Po szczycie UE w Brukseli przewodnicząca Komisji Europejskiej Ursula von der Leyen wskazała, że system dyscyplinarny dla sędziów w Polsce musi zostać zmieniony, a sędziowie odwołani niezgodnie z prawem muszą zostać przywróceni do pracy.
Zagroziła rządowi uruchomieniem wobec Polski procedury warunkowości oraz "innych instrumentów finansowych" (czytaj kar finansowych).
Europosłanka PiS Anna Zalewska w Radiu Zet oceniła, że w rezolucji pojawiają się sformułowania "absolutnie niemożliwe w demokratycznym świecie". - Zachęcanie do buntu przeciwko rządowi i żądanie niepłacenia pieniędzy dla Polek i Polaków - mówiła.
- Mamy do czynienia z lewicowo-liberalną rodziną, która jest tam totalną większością. To było widać podczas debaty, którą trudno nazwać debatą, dlatego że na merytoryczne, bardzo dobre wystąpienie pana premiera Morawieckiego, mieliśmy absolutnie agresywne, napisane przez polskich eurodeputowanych, bo to było widać w języku, w przykładach, koleżanek i kolegów z Lewicy i z EPP - podkreślała Zalewska.

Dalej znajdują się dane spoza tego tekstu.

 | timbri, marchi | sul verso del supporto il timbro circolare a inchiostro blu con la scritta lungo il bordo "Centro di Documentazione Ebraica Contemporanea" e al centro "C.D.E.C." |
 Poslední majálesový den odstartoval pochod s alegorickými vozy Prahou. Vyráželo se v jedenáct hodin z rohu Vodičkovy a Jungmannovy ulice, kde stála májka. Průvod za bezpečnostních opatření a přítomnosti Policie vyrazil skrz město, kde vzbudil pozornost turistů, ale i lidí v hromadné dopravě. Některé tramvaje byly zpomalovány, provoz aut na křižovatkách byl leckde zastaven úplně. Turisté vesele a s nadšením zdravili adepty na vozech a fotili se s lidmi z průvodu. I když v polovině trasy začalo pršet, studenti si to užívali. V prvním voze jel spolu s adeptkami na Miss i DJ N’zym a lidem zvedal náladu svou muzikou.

Z kolei wiceszef MON i senator PiS Wojciech Skurkiewicz podkreślał w Polsat News, że środki unijne się Polsce należą i będą przekazane. Pytany, z czego ustąpi Polska w sporze z Brukselą, wskazał na likwidację Izby Dyscyplinarnej.
Również prezydencki doradca Piotr Sałek w TVN24 podkreślił, że "obszar sądownictwa jest obszarem pozatraktatowym". Przypomniał, że w drodze referendum przekazaliśmy Unii Europejskiej kompetencje w sprawach cła. Natomiast obronność, sądownictwo, służba zdrowia - to są kompetencje pozaunijne.

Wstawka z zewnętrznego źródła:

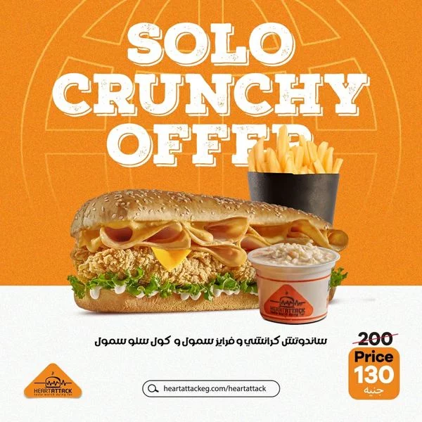 Solo crunchy offer : ساندوتش كرانشي، فرايز سمول و كول سلو سمول بـ 130 بدلا من 200 جنيه Duo chicken
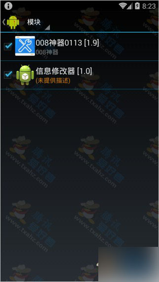 5、在模塊里面勾選信息修改器便可,然后打開信息修改器即可隨意修改手機信息了。【可修改 IMEI,手機型號,手機廠商,虛擬手機號,wifiSSID等等】
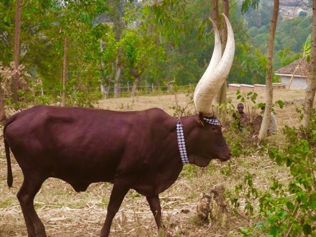 | vache Inyambo, enclos du palais royal de Nyanza, Rwanda |
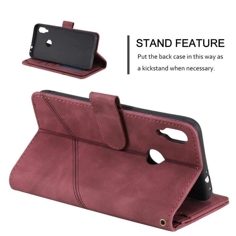Για Xiaomi Redmi Note 7 Skin Feel Business Οριζόντια Flip PU δερμάτινη θήκη με θήκη & υποδοχές πολλαπλών καρτών & πορτοφόλι & κορδόνι & κορνίζα & πλαίσιο φωτογραφιών (κόκκινο)
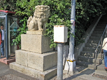 広い石段の左右には、日本とは随分表情の違う狛犬が鎮座。.
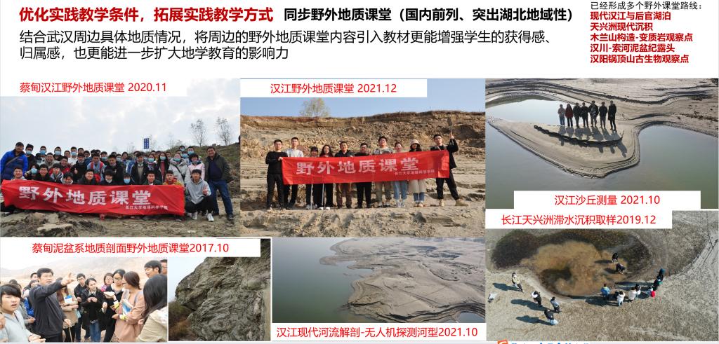 (1)已建立4个岩石观察点(图39):以知音湖、锅顶山为考察对象,建立碳酸盐岩观察的实习点;以九真山和汉江江滩为研究对象建立了碎屑岩及其地层发育特征观察的实习点。能满足公众对岩石基本类型及特征的识别,使其学会了解岩石类型。
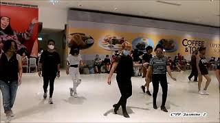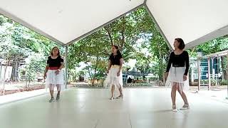 1-2Step back on LF and sweep RF from front to back, Rock back on RF
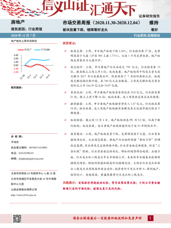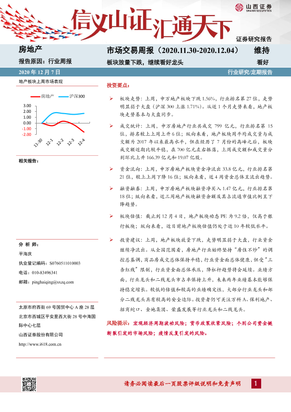 【山西证券】【20201207】房地产市场交易周报:板块放量下跌,继续看好龙头-20页
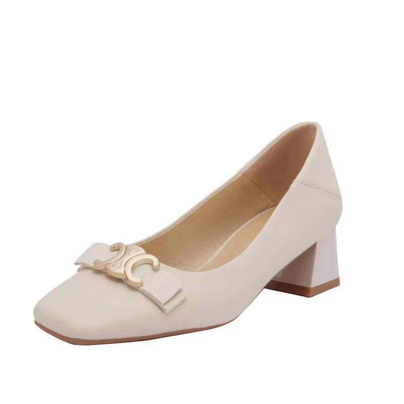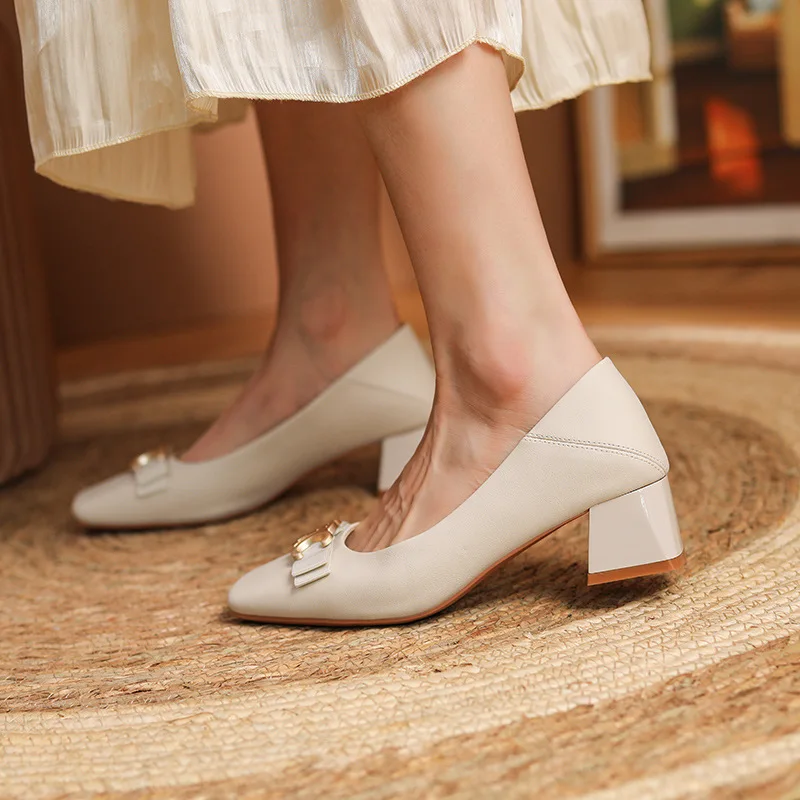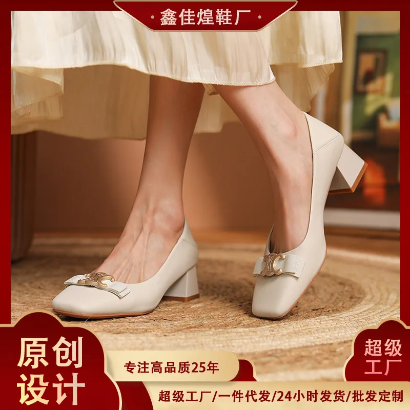 332-28 Soft Work Shoes Autumn Thick Heel High Heels Small Fragrant Style Temperament square Head Slip-on Bridal Shoes
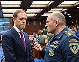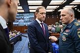 Расширенное заседание коллегии Министерства обороны России в Национальном центре управления обороной. Заместитель председателя Правительства России - министр промышленности и торговли России Денис Мантуров (в центре) и министр России по делам гражданской обороны, чрезвычайным ситуациям и ликвидации последствий стихийных бедствий (МЧС) Александр Куренков (справа) перед началом заседания.

Sałek podkreślił także, że polski Krajowy Plan Odbudowy powinien być zatwierdzony do początku sierpnia, a to się nie stało.
Z kolei wicemarszałek Sejmu Piotr Zgorzelski z PSL ocenił, że dużo bardziej sprawiedliwie byłoby, gdyby środki z Unii trafiły bezpośrednio do samorządów województw. - Tam są urzędnicy, specjaliści, którzy potrafią zagospodarować każde euro - mówił w Polsat News.
- Oczywiście środki wpłyną. Nie jest ani zasługa Donalda Tuska, ani zasługa premiera Morawieckiego, tylko jest to zasługa roztropnej polityki UE, która w okresie popandemicznym potrafiła podjąć wysiłek kolejny i zorganizować te środki - stwierdził polityk ludowców.